Но при этом нельзя забывать, что Солженицын – это консервативный политический мыслитель, который может быть не менее ангажирован, чем нелюбимые им либералы (достаточно вспомнить его полемику с Сахаровым еще в диссидентские времена). К «канонизированной» Французской революции, установившей в стране новые общественные отношения, он относится не менее враждебно, чем к российским неудачливым «февралистам». В 1993 году он специально посетил Вандею с тем, чтобы быть почетным гостем на торжествах, посвященных двухсотлетней годовщине восстания крестьян-монархистов.
В своей «антифевралистской» статье Солженицын поминает «бессмертный толедский Алькасар 1936 года» – это самый героический момент гражданской войны в Испании для франкистов. Тогда менее полутора тысяч испанских националистов, поднявших восстание против республики, в течение 70-ти дней защищали крепость от многократно превосходивших сил противника. Для Солженицына их подвиг бессмертен. Однако для либеральной испанской традиции все обстоит иначе – она, отвергая почитание националистов, склонна сосредотачивать внимание только на массовых расстрелах республиканцев, которые произошли после того, как франкистские войска вошли в Толедо освобождать осажденных в Алькасаре товарищей.
Означает ли это, что франкисты неправы, а либералы знают истину?
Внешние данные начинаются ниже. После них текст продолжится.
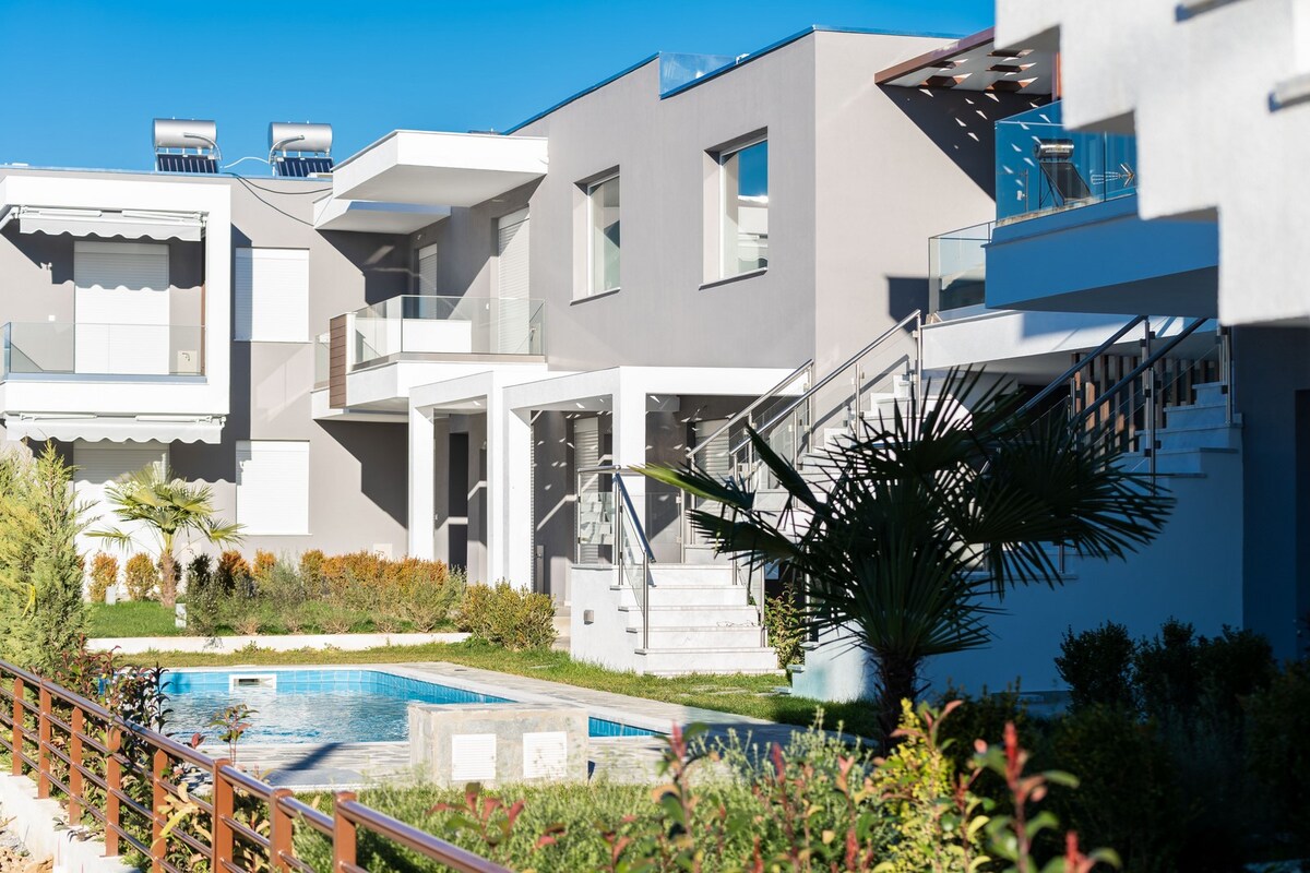 Magandang apartment na 47 sqm., 2 kuwarto sa isang magiliw na kapitbahayan na may komportableng balkonahe at mga outdoor furniture para sa pagpapahinga! Ang apartment ay 5 minutong biyahe mula sa sentro ng lungsod at 1km ang layo mula sa pinakamalapit na beach na may beach restaurant at cafe bar. Ang modernong disenyo at ang kalinisan ng mga lugar sa isang tahimik at payapang kapitbahayan ang magbibigay sa iyong karanasan ng pananatili na kakaiba at hindi malilimutan.
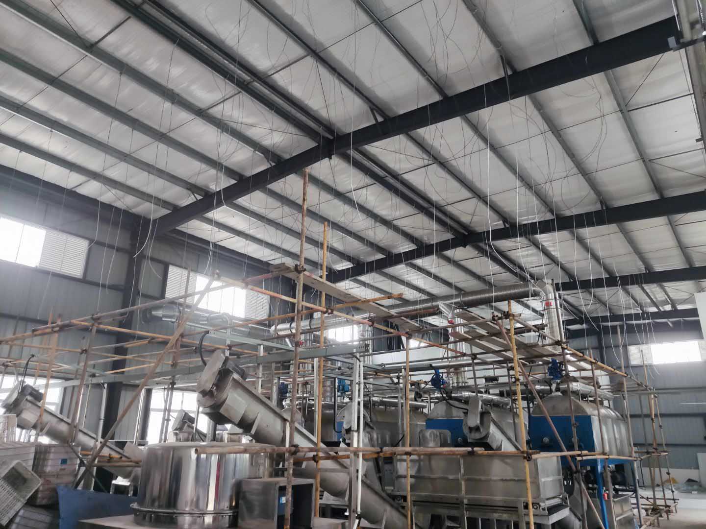 二樓車間凈化板吊頂完成,圓弧安裝完成約10%;一樓車間內三防板吊頂完成,一樓車間圓弧安裝完成約80%;單層廠房擋水墻砌磚完成約80%。

Вовсе нет. Просто у каждой из сторон свой взгляд на исторические события, свои отбор фактов и их трактовка. Солженицын в случае с Февральской революцией – при всем таланте писателя, придающем убедительность его версии – не исключение. Скажем, он не говорит о полном неумении властей идти на необходимые компромиссы с вменяемой частью рабочего движения, лидеров которой «похватали» перед революцией (а не только пятерых большевиков, о которых пишет Солженицын). Для власти безответственный политикан, готовый взять любые деньги (хоть немецкие, лишь бы для свержения ненавистной монархии), мало отличался от умеренного профсоюзного лидера, который стремился защитить законные права своих товарищей и выступал за оборону страны от противника. Для сравнения – во французское правительство во время Первой мировой войны вошли социалисты, которые показали себя не меньшими патриотами, чем другие политические силы.
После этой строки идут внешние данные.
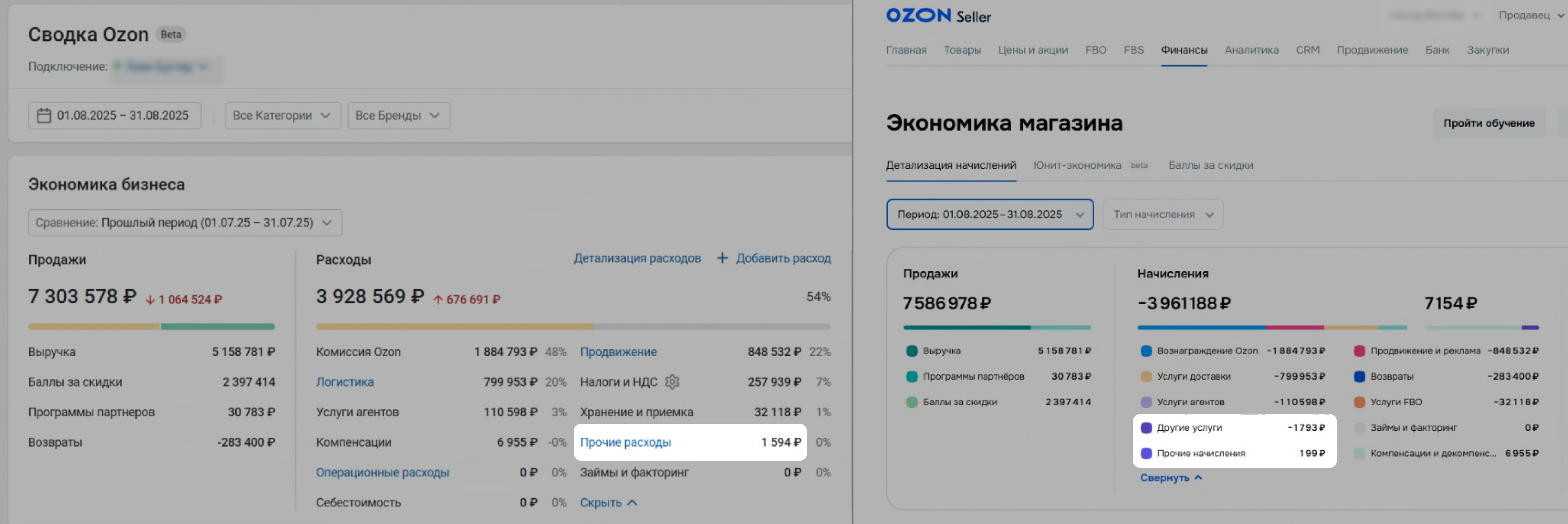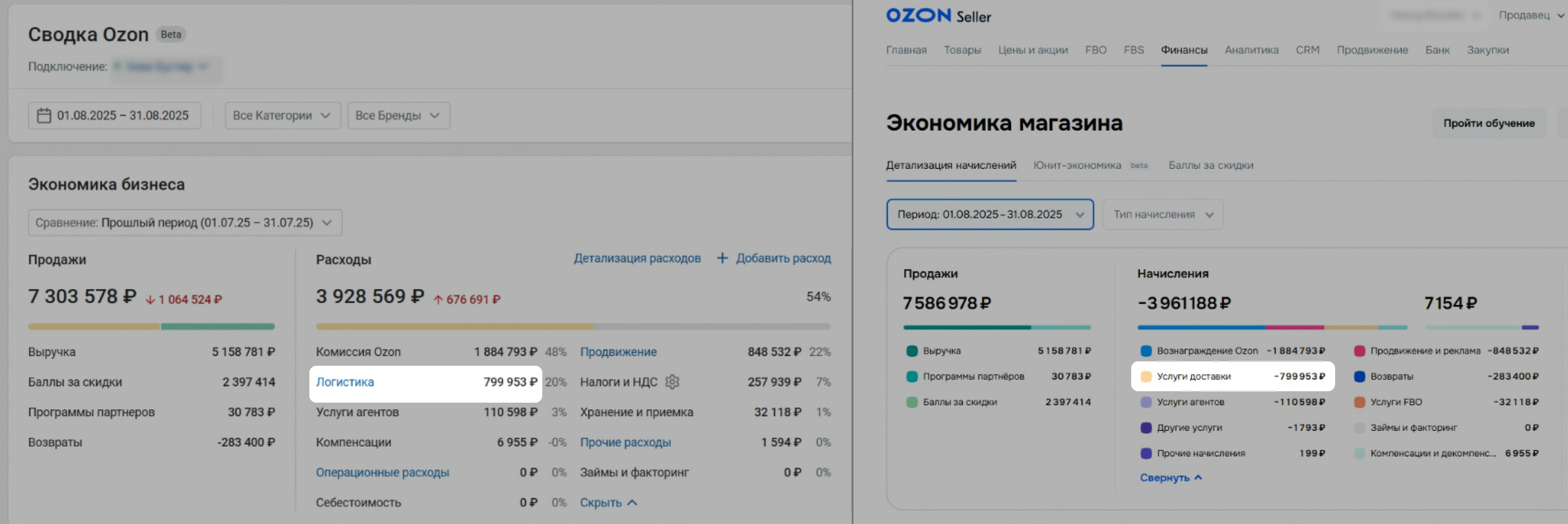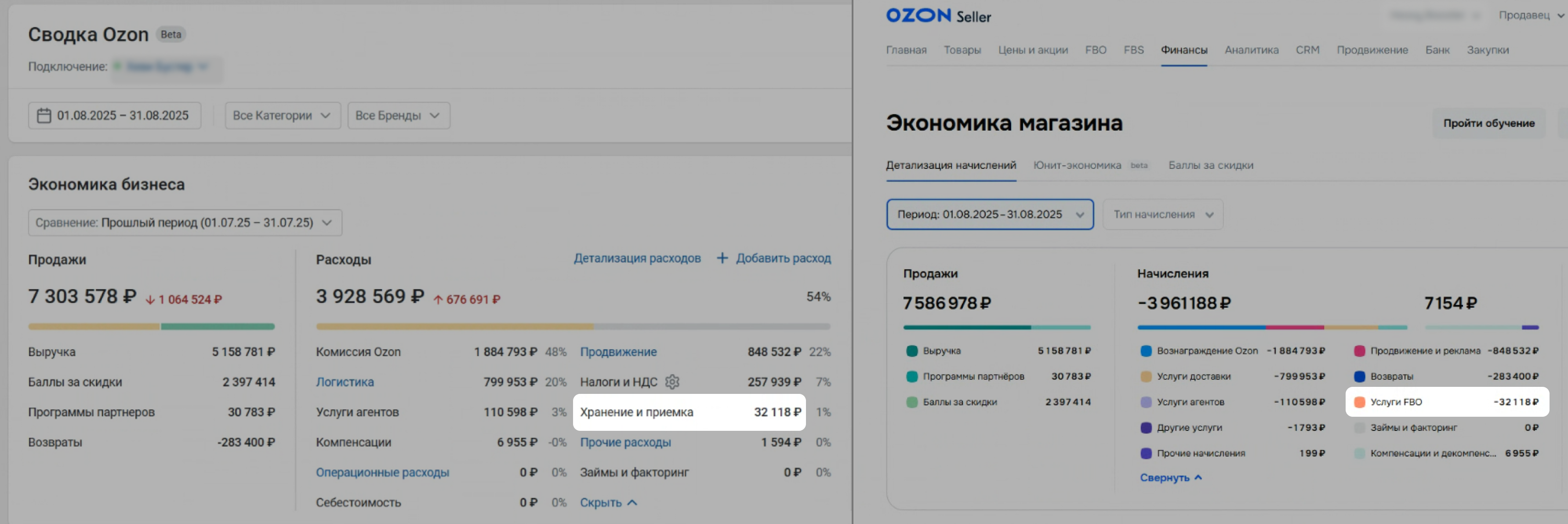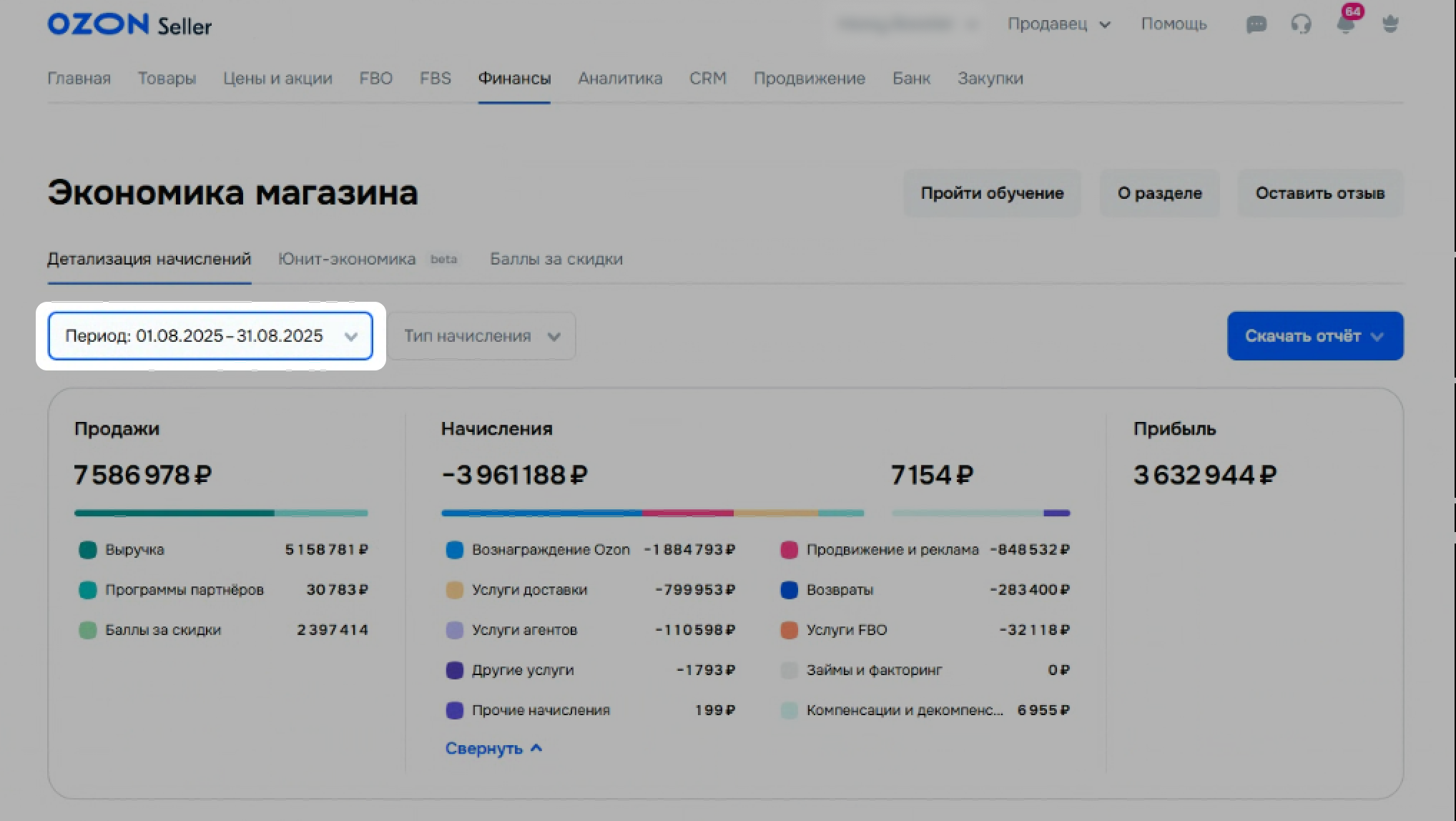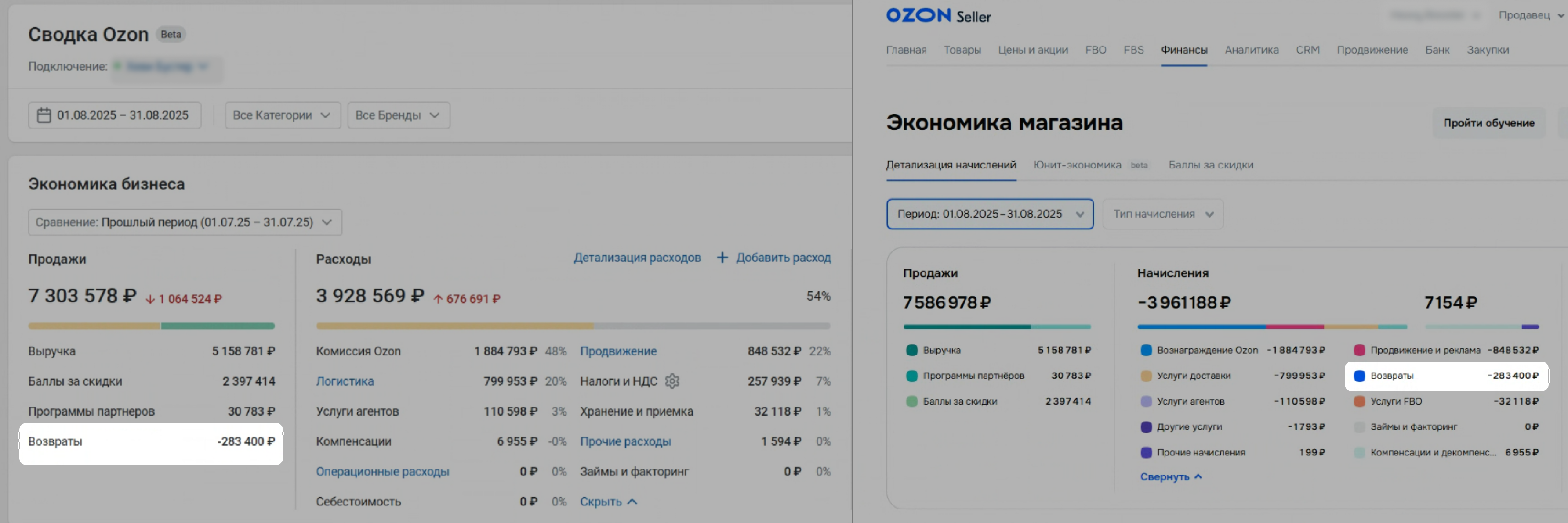 Откройте на Ozon страницу Финансы → Экономика магазина. Задайте тот же период, что и в Сводке.

Возьмем еще описание Солженицыным отказа от престола великого князя Михаила – это событие он вполне закономерно считает одним из роковых для дальнейшей судьбы России: с этим актом произошла окончательная делигимация, десакрализация власти. Но, говоря о совещании на Миллионной улице, он не упоминает о том, как решительно протестовал против этого решения Милюков, понимавший, в отличие от Львова и Родзянко, чем грозит стране вакуум власти, породивший злосчастное двоевластие. Ну не нравится автору «засушенная вобла» и «окаменелый догматик», который, однако, в этот момент действительно предлагал достойный выход из кризисной ситуации!
Равно как очевидна и небрежность автора в портретных характеристиках. Никита Соколов в своей статье уже отметил некоторые из них; добавлю еще. Можно предъявить массу упреков Владимиру Львову (фигуре фантасмагорической, с легкостью в мыслях неимоверной), но безбожником он все же не становился. Было много некрасивого – сменовеховство, обновленчество – но отречения от веры не произошло. Керенский, Некрасов, Коновалов – да, участники политического масонства (на что намекает Солженицын), но никак не «темные лошадки»; имена этих депутатов были тогда в стране общеизвестны. «Темная лошадка» — это балетоман Терещенко и только. В этих оценках историк полностью уступает место правому публицисту.
Слабость или упрямство
Один из лейтмотивов солженицынской статьи – нерешительный царь, который стал причиной краха монархии. «Ушибленность несчастным 9-м января» не помешала ему в конце того же 1905 года решительно подавить организованный леворадикальными силами мятеж в Москве. Патронов тогда не жалели. Что же до запрета применять оружие против народа во время погрома 15-го года – так это оттого, что не поднялась рука на патриотов, которые восстали против немецкого засилья (правда, не без материальной выгоды для себя). Точно так же, как не поднималась рука расстреливать черносотенных погромщиков в 1905 году, а те из них, кто все же попадал под суд, весьма решительно миловались нерешительным государем.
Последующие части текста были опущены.